When school's out, we can spend a lot more time with our pets; days out, extra walks, and all day attention become their summer norm. As the kids go back to school, it is important to ensure that pets still feel just as loved even though the children aren't around all day making the house seem full. Pets are sensitive to changes in routine so read on for some top tips on how you and your pet can beat the post summer holiday blues.
Looking out for the signs
Noticing changes in your pet’s behaviour cannot be ignored or put down to just ‘holiday blues’; changes in behaviour could instead point to physiological problems they need help with. Your pet’s loss of spark, tiredness and heat seeking behaviour may not only be due to the cooler autumn conditions. Keeping an eye on any changes in your pet’s behaviour is a must all year round, for example changes in their eating and drinking habits, sleeping habits and weight. When lifestyle changes occur and your pet’s normal routine changes, keeping a closer eye than usual is key.
If you are a dog-owner, there are many common signs that can reveal to you that your four-legged friend is feeling down. Take note if your dog has started to sleep more or has started “moping” around the house; check whether they have lost interest in food or water and are losing weight; or are they perhaps trying to seek solace in food, perhaps thieving, and gaining weight? Other signs include a loss of interest in playing and walking, hiding away from their owners, and excessive paw licking.
Dogs are especially prone to experiencing separation anxiety when their lifestyle is changed such as after a summer of fun and constant companionship. They are likely to feel confused and anxious by the fact that their owner is no longer around at all hours. Cats, however, may be a lot more vocal than dogs when it comes to making their owners aware of this. Look out for changes in vocal clues or in body language. Unhappy cats may start to communicate in ‘low-pitched mournful yowls’ and some communicate using eye, ear, fur, and body positions as well as an increased tendency to act aggressively, protecting themselves by wrapping their tail around themselves. These changes in behaviour can also be indicative of other health problems, so it is always best to consult a vet as soon as you notice these types of behaviours or indeed any changes.
Whether you have a dog or cat, our advice from the RSPCA can help you understand your pet’s body language better.

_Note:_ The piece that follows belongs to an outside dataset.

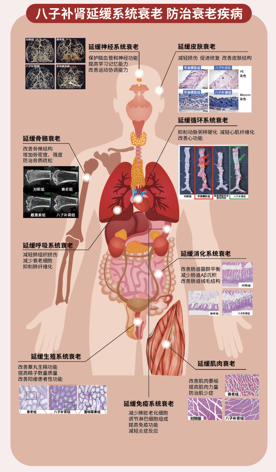 相关研究还显示,除了延缓整体衰老外,八子补肾胶囊对神经、皮肤、骨骼、肌肉、循环、呼吸、消化、免疫、生殖等多个系统的功能减退具有系统干预和综合抗衰老的作用。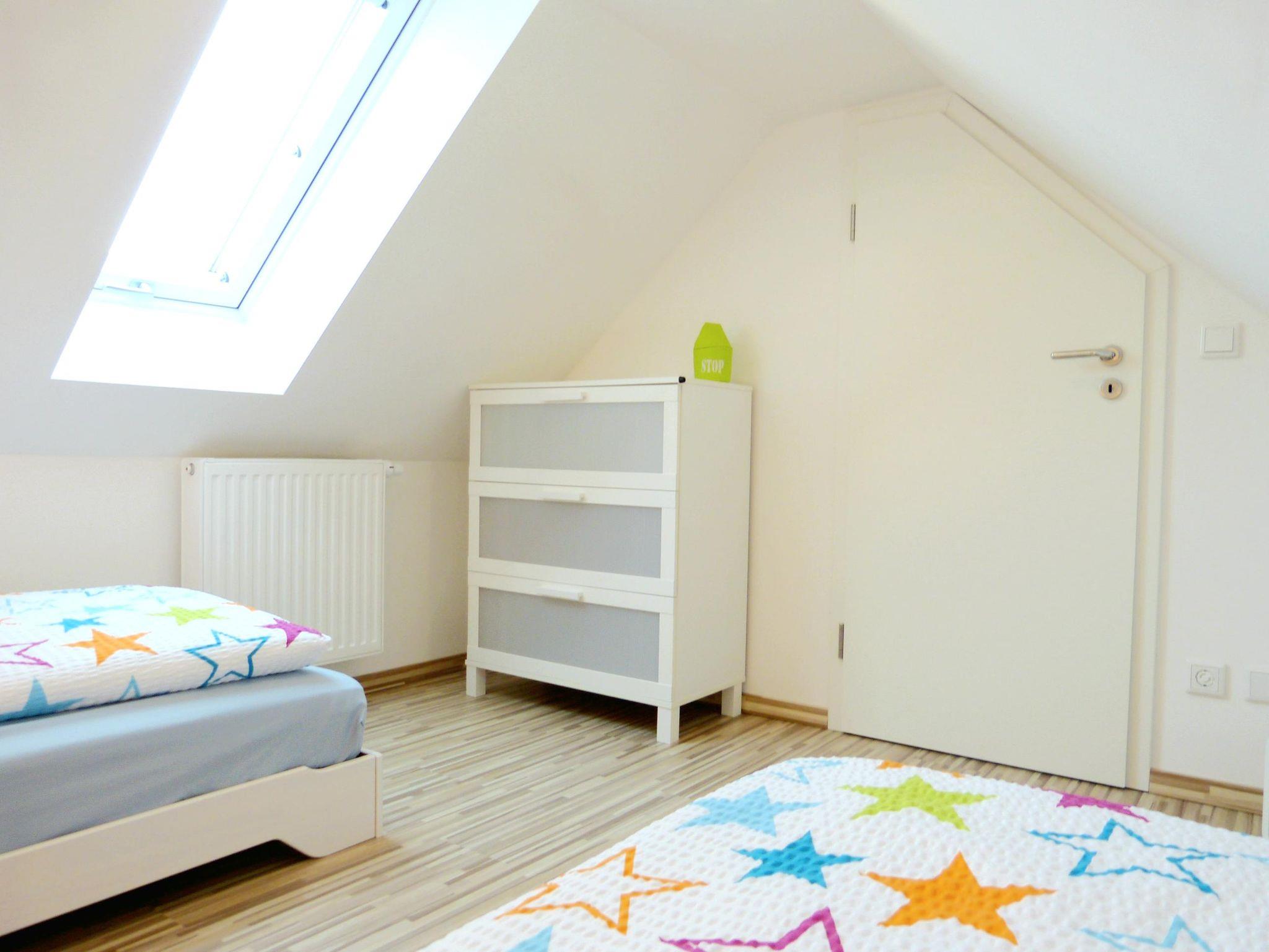 Um kleinen Gästen den Aufenthalt so angenehm wie möglich zu machen, ist die Ferienwohnung mit einer umfassenden Baby- und Kleinkinderausstattung ausgerüstet. Dazu gehört ein Holzgitterbett für Babys und Kleinkinder, eine Bade-Wickel-Kombination im Schlafzimmer der unteren Ebene, ein variabler Hochstuhl, Spielmaterial, ein Fahrradkindersitz und ein Bobby Car. Die Steckdosen sind mit einer Kindersicherung geschützt. Um die Unterkunft perfekt auf Ihre Bedürfnisse abzustimmen, teilen Sie Ihre Wünsche zur Kinderausstattung bis spätestens 10 Tage vor der Anreise mit.

When it comes to rabbits, a happy bunny is usually an active bunny. Happy bunnies will do things like ‘dance, lick, hop, chin and run around’, widely known as rabbit ‘binkying’. Unhappy bunnies have rapid changes in behaviour, often behaving frantically, thumping, grunting, squealing, and appearing unresponsive or lethargic. Rabbits are also very affected by changes in weather and temperature, and bunny owners can read more about how to keep your bunny happy this autumn and all year round with some top tips from CEO of Rabbit Welfare Association and Fund (RWAF) Rae Todd here.
Gerbils and other small animals also show how they are feeling to their owners via their body language. Signs to keep an eye on include if your gerbil or small pet can never relax, and is looking consistently frantic. They may also stand up on their hind legs holding their front paws together, on the lookout for danger when they’re feeling stressed. Pet Helpful provides some tip tips on how to beat the blues in gerbils.
Settling into a new season
Family routines are different. It may mean that ‘back to school’ means your pet has more chill out time at home. Alternatively it may mean that there’s actually more time during the day to spend with your pet. Nothing will compare to you setting some extra time aside, if necessary in the evenings and weekends, to spend some quality time with your pets to help them adjust to a new, perhaps more independent routine. Companionship is vital to pets like dogs particularly, and it’s extremely important to make sure that your pet’s needs are carefully considered when it comes to the level of companionship they require. Every dog is different, and some will happily snuggle down for a few hours, while others may be anxious or bored as soon as you leave. Your vet or local pet care specialist will be able to advise on how you can manage should you need to be away from home longer than the dog is comfortable with or you can find help through the National Association of Pet Sitters and Dog Walkers.. Again, you vet can provide behavioural advice and if necessary even recommend a specialist to help alleviate any separation anxiety.
As well as companionship, plenty of exercise can help provide physical and mental stimulation for your pets all year round. Creating obstacle courses for your pet to play is a great start. PetCentric have some great tips on how to make your own cat agility course to provide exercise and mental stimulation throughout the day and for more ‘back to school’ cat tips don’t miss our interview with International Cat Care’s Dr. Sarah Ellis. Dog agility courses are also a great way to keep your pup entertained when you are out using hurdles, tunnels and poles. We teamed up with the Kennel Club to explore some of the more innovative types of exercise and activities you can do with your dog, from agility training to music, which you can read here.
It’s not just dogs and cats that benefit from exercise at this time of year and all year round – smaller pets like rabbits can reap the benefits too. Read more from Rabbit Welfare’s Rae Todd on keeping rabbits active this autumn!
By giving your pets that extra bit attention in your free time, as well as researching new ways to keep your pet healthy and active throughout the day, you can ensure that they adapt to their new season’s routine, and stay happy and healthy throughout autumn and beyond.